Speech recordings took place in a sound-treated booth in the Department of Biomedical Engineering of National Yang Ming Chiao Tung University with a GRAS Type 40AC microphone at 0-degree azimuth. The microphone was placed 30 centimeters from the participant’s mouth. The sampling rate was 44,100 Hz with 16-bit quantization. Before the recording, the first author discussed with the actors the emotional tones that they should aim for. The actors then completed the recording in the booth while being monitored by the first author.

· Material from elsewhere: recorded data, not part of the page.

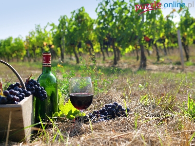 Kieliszek, Koszyk, Sad, Winogrono, Wino, Butelka, Trawa
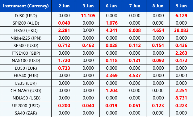 Please be advised that the dividends of the following index CFDs will be adjusted by upcoming ex-dividend dates. The comment for trading index CFDs will be in the following format “Div& <Product Name>&<Net Volume>”which show in the balance after the close of the day before the dividend payment date.
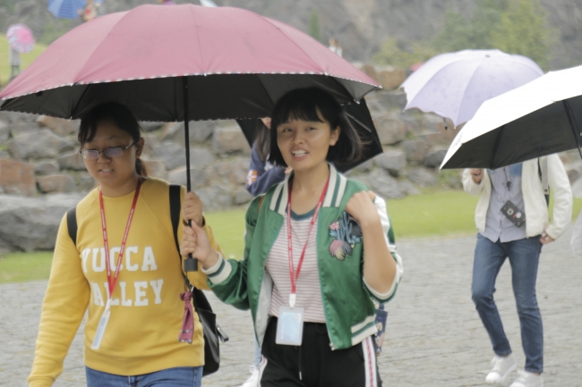 同学们“成双成对”地漫步在细雨中
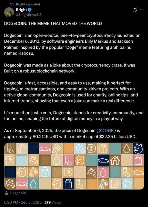 Pada akhir minggu kemarin, Dogecoin sempat diperdagangkan sekitar $0,2145 dengan kapitalisasi pasar sebesar $32,35 miliar. Di tengah sentimen bullish yang mulai muncul, pengajuan ETF baru juga menempatkan koin ini kembali menjadi sorotan.
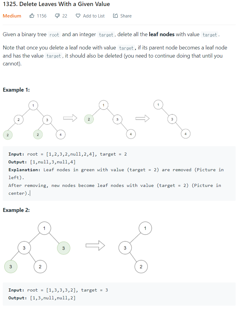 https://leetcode.com/problems/delete-leaves-with-a-given-value/
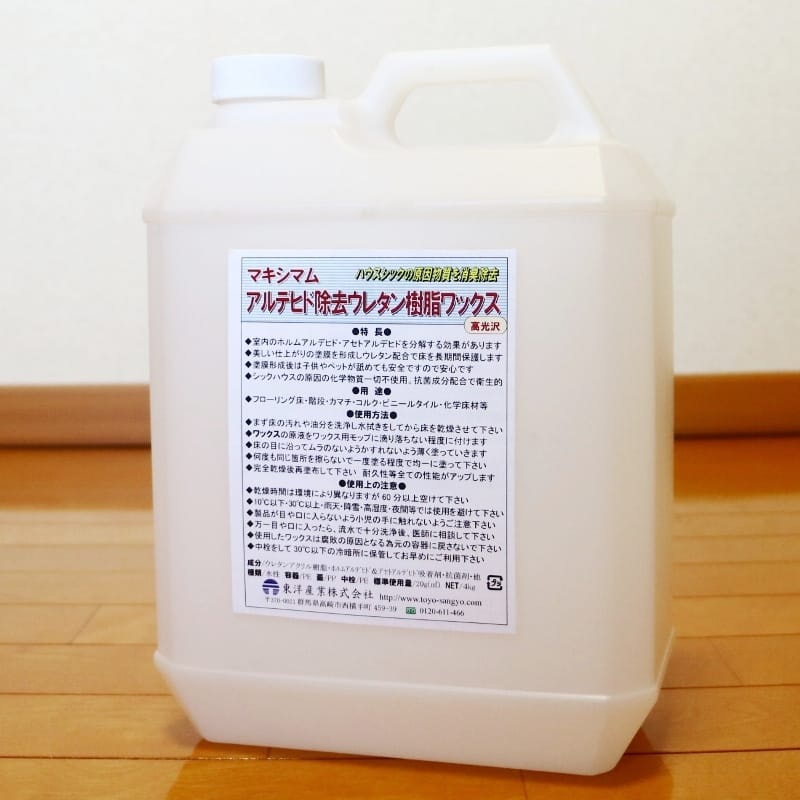 「シックハウス症候群」の原因物質の中でも消臭が困難な、室内のアルデヒド類を分解除去する、環境安全対策を徹底追求した、シックハウス対応ワックスです。それに、ウレタンを配合で耐久性・耐摩耗性・耐水性・耐熱性・高光沢が特長のフロアワックスです。
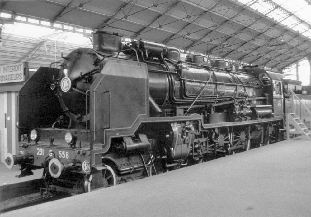 arrêté : locomotive à vapeur ex. 231 C état modifiée de 1935 à 1943 par l'ingénieur André Chapelon devenue 231 G 558 SNCF.
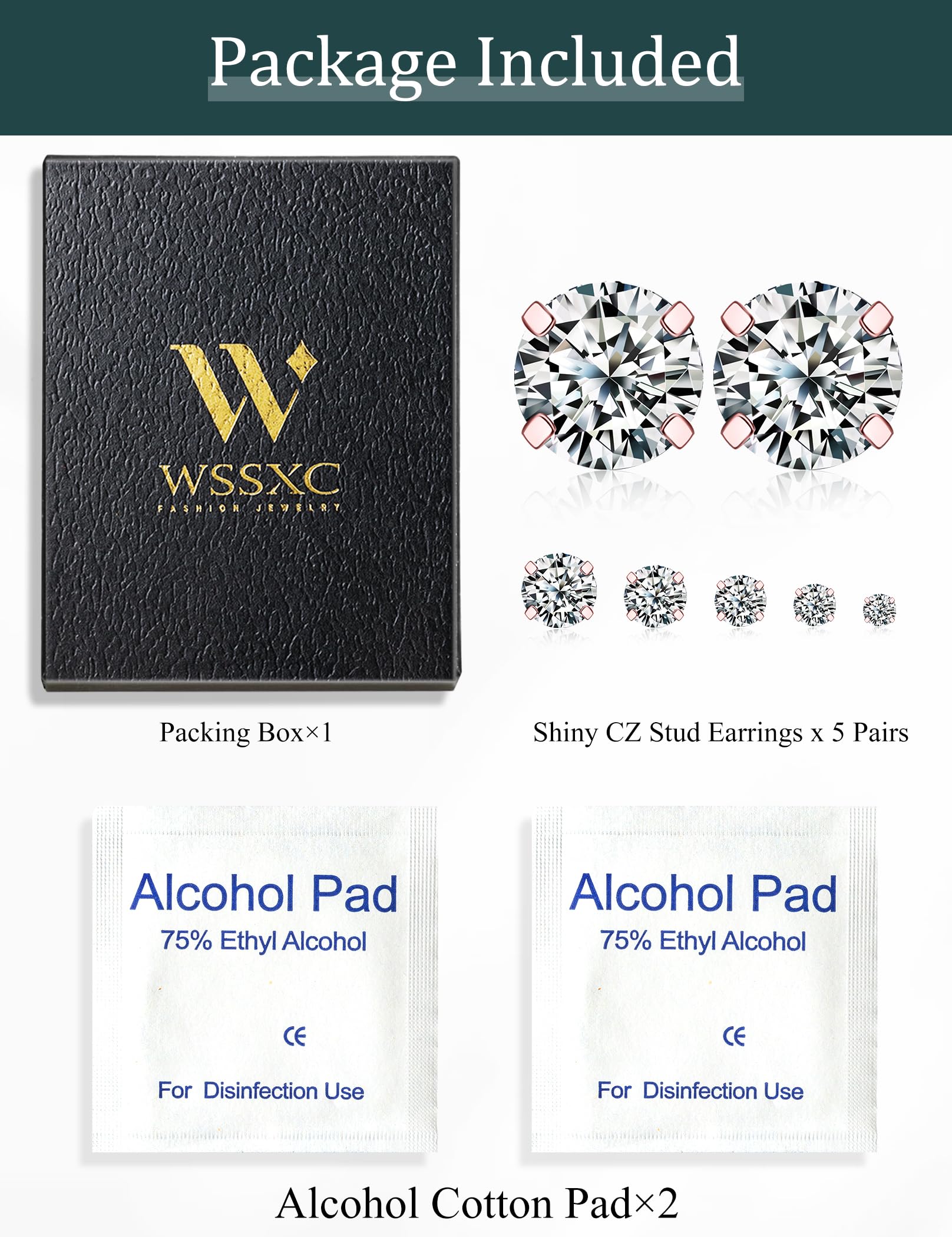 5 Pairs Stud Earrings Set, Hypoallergenic Cubic Zirconia 316L Earrings Stainless Steel CZ Earrings 3-8mm (Steel color)
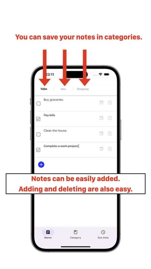 "Category Memo" is an application that allows you to categorize your memos.
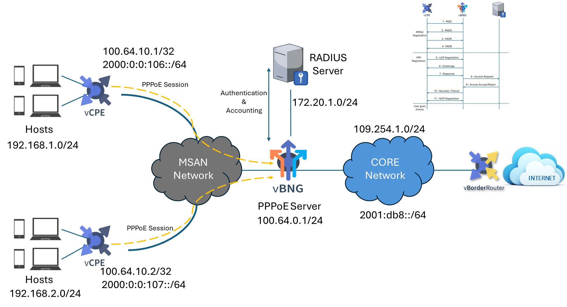 The following diagram shows the architecture that has been deployed for the BNG PPPoE dual stack use case.
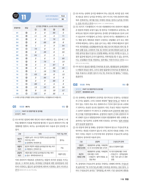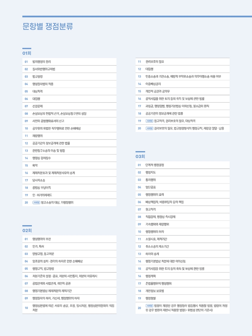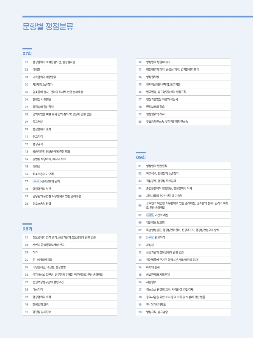 모든 문제의 쟁점을 분류한 표를 수록하여 문제별 쟁점 파악이 가능하고, 분류표를 활용해 취약한 쟁점의 문제들만 골라 보강 차원의 풀이를 하는 것도 가능합니다.
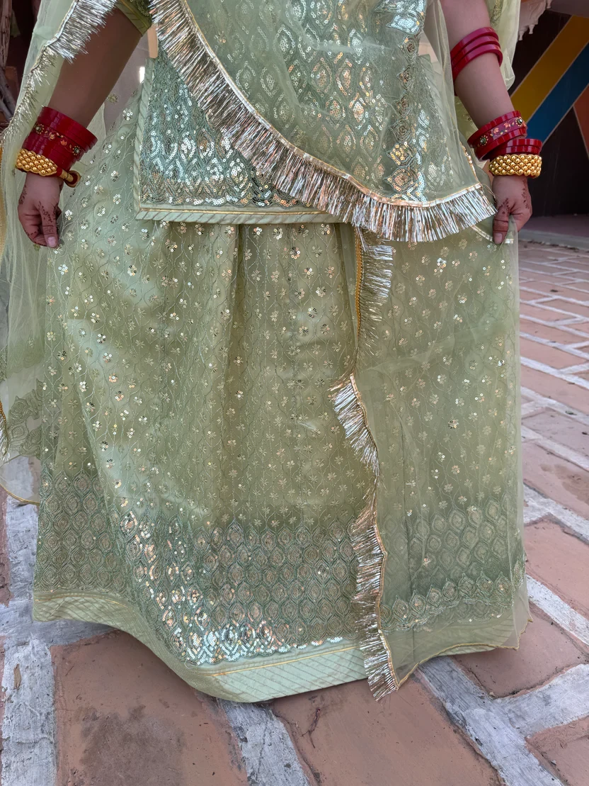 Pair it with statement jewelry to elevate the look further, or keep it minimal for a subtle, refined appearance. The "Graceful Elegance: Pista Green Net Poshak" is more than an outfit—it's a celebration of heritage, style, and grace.
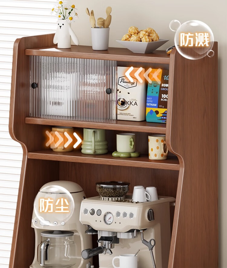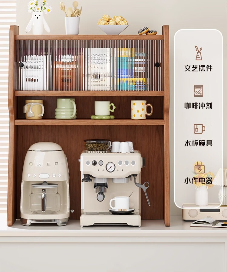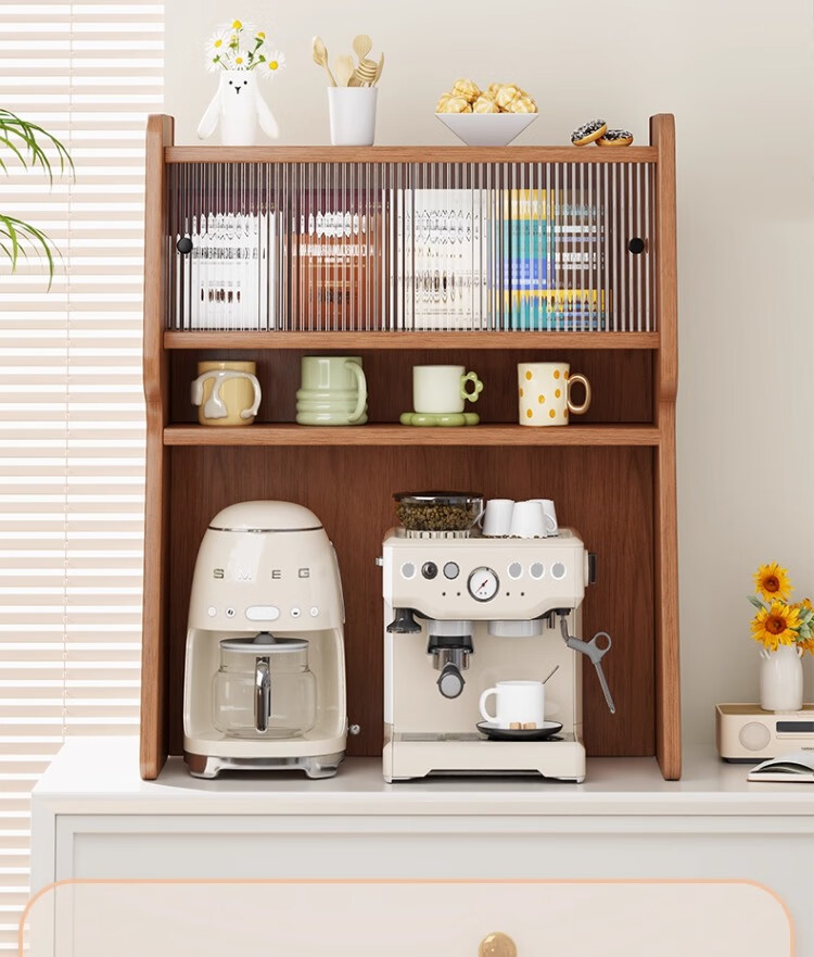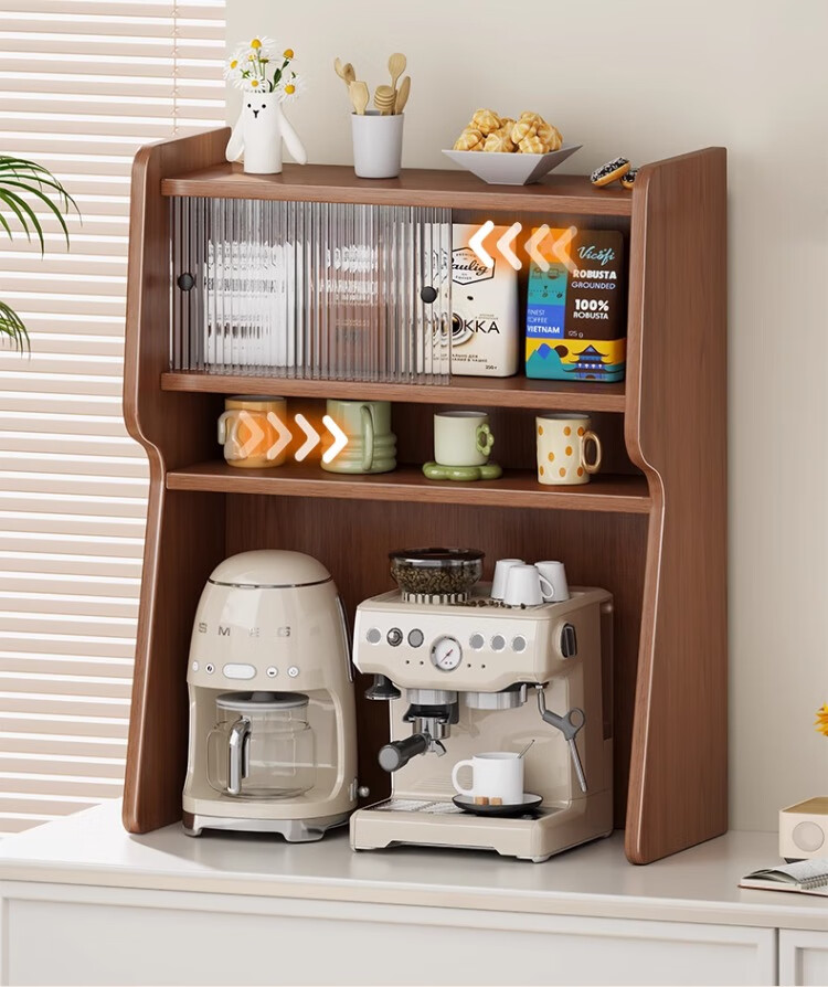 尔思家桌面收纳盒桌面布置水杯咖啡杯收纳柜多层家用餐边柜台面置物架子 胡桃-长虹
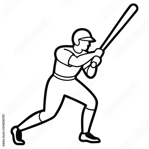 Baseball Batter Swinging Bat – Flat Style Vector baseball player line art
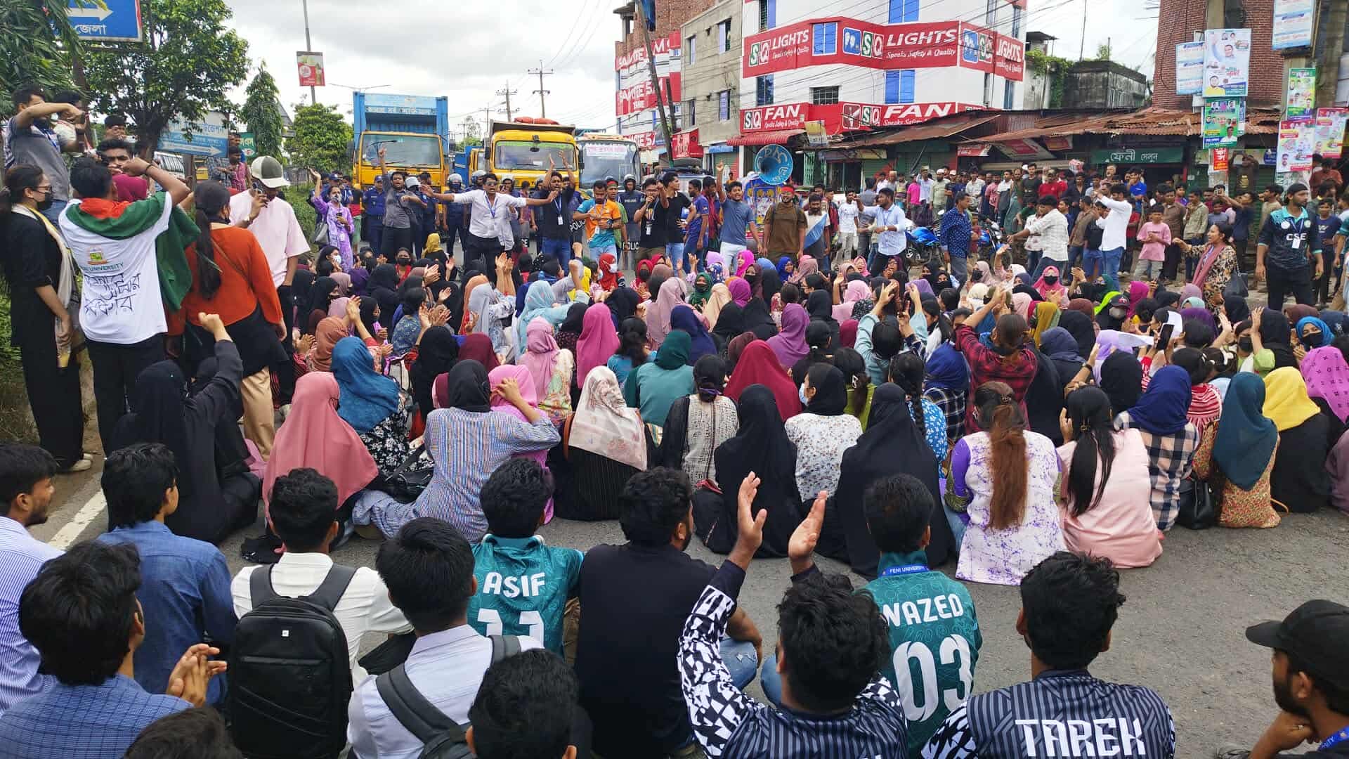 ঢাকা-চট্টগ্রাম মহাসড়ক অবরোধ করে বিক্ষোভ করছেন ফেনী ইউনিভার্সিটি শিক্ষার্থীরা
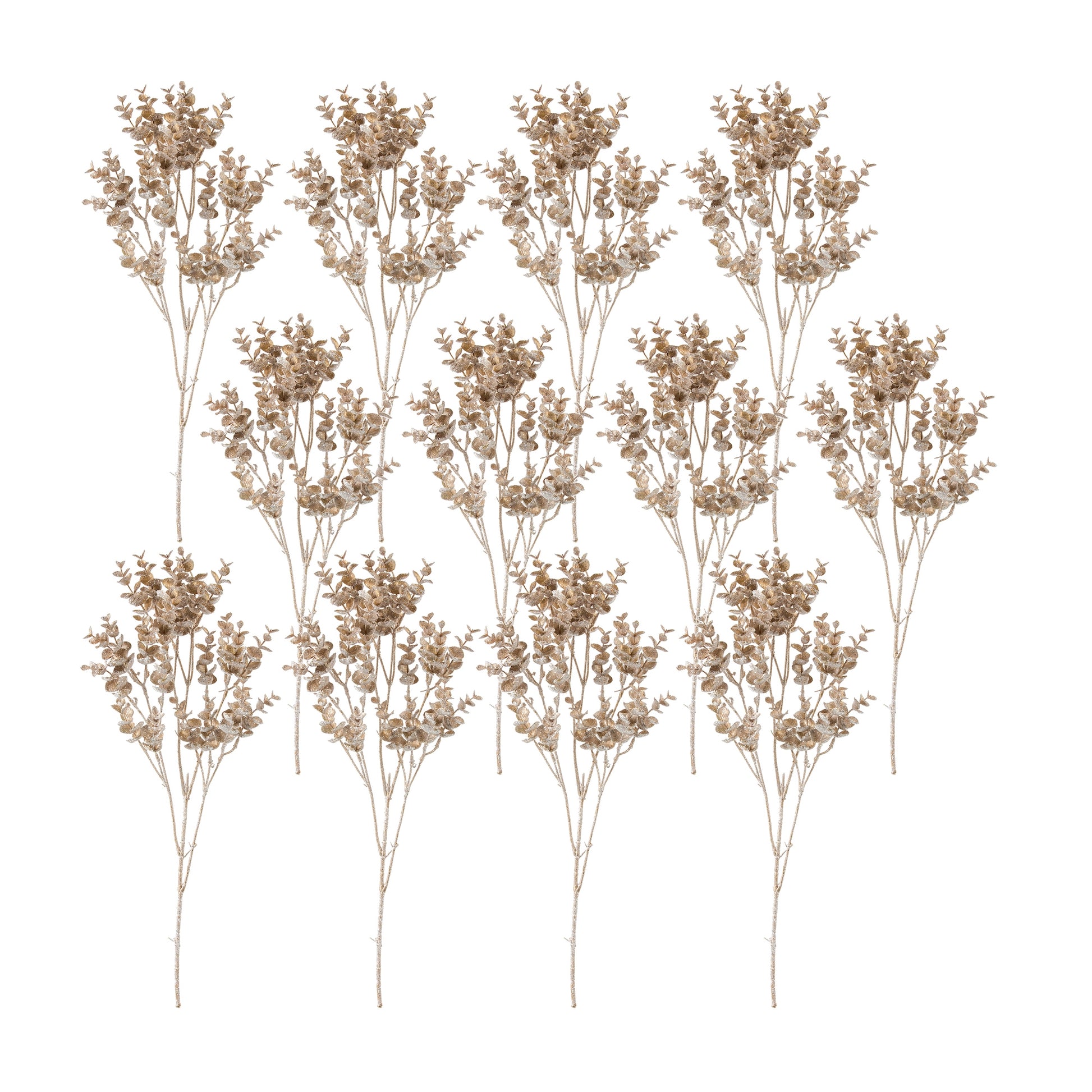 Add a touch of nature to your holiday decor with this beautiful set of Eucalyptus Sprays. Featuring twelve pieces, this set would make a great addition to your Christmas centerpiece or vase display. The realistic eucalyptus leaf design paired with the sparkley champagne finish is the perfect combination to create a stunning display. The quality plastic components are sure to last for seasons to come.

The 120 stimuli were recorded in five blocks separated by emotions. The order of the blocks and the order of the stimuli within a block were randomized for each participant. Before the recording started, the participants were given 10 minutes to familiarize themselves with the stimuli. Breaks were given between blocks for the participants to adjust their emotions. Our goal was to elicit a broad-focus analysis, i.e., distributing the prosodic change over the whole sentence instead of focusing narrowly on the target syllable. To that end, the participants were instructed to avoid pausing before and after the target syllables, and to avoid placing excessive emphasis on the target syllables.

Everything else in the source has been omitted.